- [Problem details] Copy the entries exactly. Their pictures do not belong in the copy.

Start of Data records

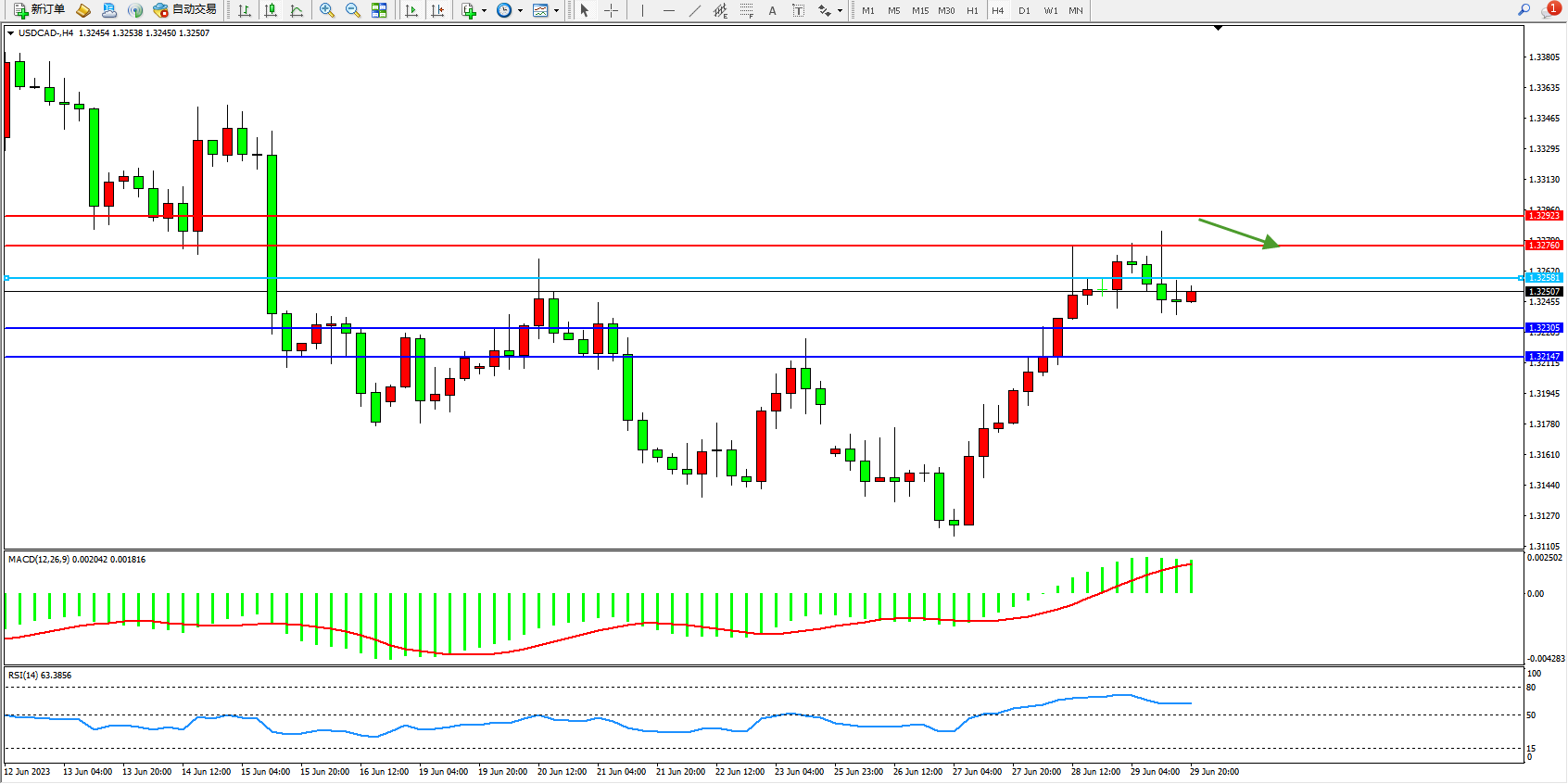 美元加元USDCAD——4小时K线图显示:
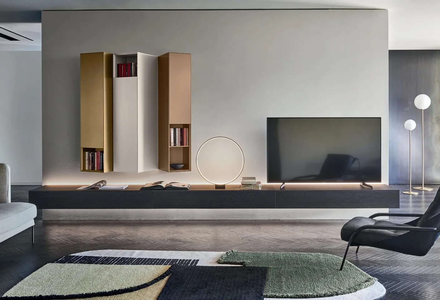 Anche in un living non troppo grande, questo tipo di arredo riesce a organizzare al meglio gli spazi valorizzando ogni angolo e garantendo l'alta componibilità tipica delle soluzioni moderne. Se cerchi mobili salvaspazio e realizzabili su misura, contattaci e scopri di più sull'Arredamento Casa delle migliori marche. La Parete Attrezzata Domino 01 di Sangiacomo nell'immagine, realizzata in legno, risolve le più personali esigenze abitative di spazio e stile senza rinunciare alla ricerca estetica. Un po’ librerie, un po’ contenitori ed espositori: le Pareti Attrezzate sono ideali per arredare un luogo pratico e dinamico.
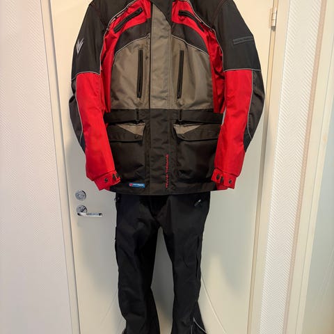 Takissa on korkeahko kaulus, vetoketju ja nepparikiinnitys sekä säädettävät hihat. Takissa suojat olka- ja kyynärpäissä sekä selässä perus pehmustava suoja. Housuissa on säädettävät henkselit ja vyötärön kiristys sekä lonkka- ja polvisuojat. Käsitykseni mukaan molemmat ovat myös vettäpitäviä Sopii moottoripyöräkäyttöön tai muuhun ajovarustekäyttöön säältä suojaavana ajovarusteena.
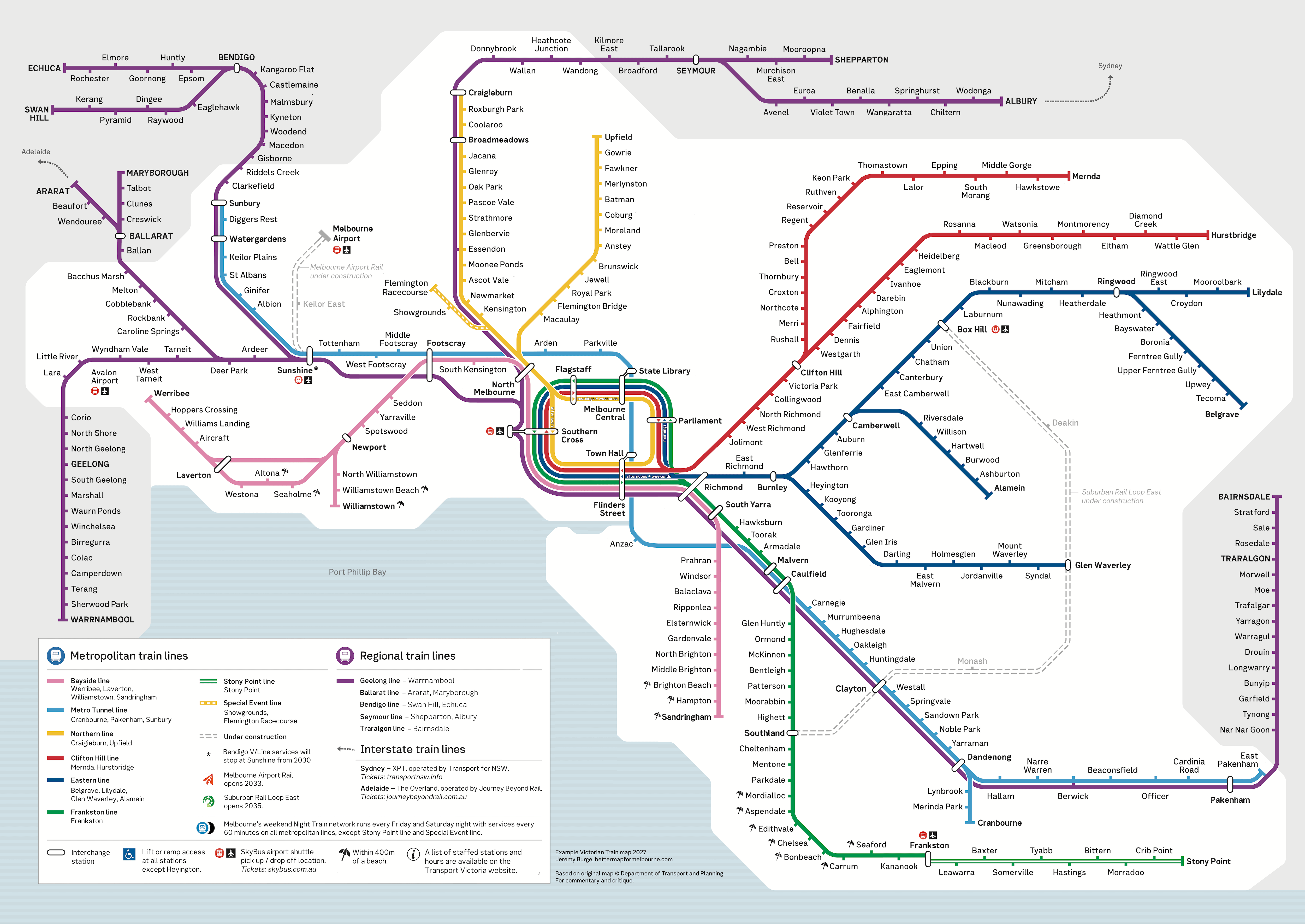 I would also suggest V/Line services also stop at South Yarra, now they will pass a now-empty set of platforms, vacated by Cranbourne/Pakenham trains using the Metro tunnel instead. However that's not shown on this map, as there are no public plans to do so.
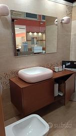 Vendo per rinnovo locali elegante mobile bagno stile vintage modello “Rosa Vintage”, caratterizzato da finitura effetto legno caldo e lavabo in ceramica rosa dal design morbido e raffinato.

End of Data records

- [Solution to this task]
 美元加元USDCAD——4小时K线图显示:
 Anche in un living non troppo grande, questo tipo di arredo riesce a organizzare al meglio gli spazi valorizzando ogni angolo e garantendo l'alta componibilità tipica delle soluzioni moderne. Se cerchi mobili salvaspazio e realizzabili su misura, contattaci e scopri di più sull'Arredamento Casa delle migliori marche. La Parete Attrezzata Domino 01 di Sangiacomo nell'immagine, realizzata in legno, risolve le più personali esigenze abitative di spazio e stile senza rinunciare alla ricerca estetica. Un po’ librerie, un po’ contenitori ed espositori: le Pareti Attrezzate sono ideali per arredare un luogo pratico e dinamico.
 Takissa on korkeahko kaulus, vetoketju ja nepparikiinnitys sekä säädettävät hihat. Takissa suojat olka- ja kyynärpäissä sekä selässä perus pehmustava suoja. Housuissa on säädettävät henkselit ja vyötärön kiristys sekä lonkka- ja polvisuojat. Käsitykseni mukaan molemmat ovat myös vettäpitäviä Sopii moottoripyöräkäyttöön tai muuhun ajovarustekäyttöön säältä suojaavana ajovarusteena.
 I would also suggest V/Line services also stop at South Yarra, now they will pass a now-empty set of platforms, vacated by Cranbourne/Pakenham trains using the Metro tunnel instead. However that's not shown on this map, as there are no public plans to do so.
 Vendo per rinnovo locali elegante mobile bagno stile vintage modello “Rosa Vintage”, caratterizzato da finitura effetto legno caldo e lavabo in ceramica rosa dal design morbido e raffinato.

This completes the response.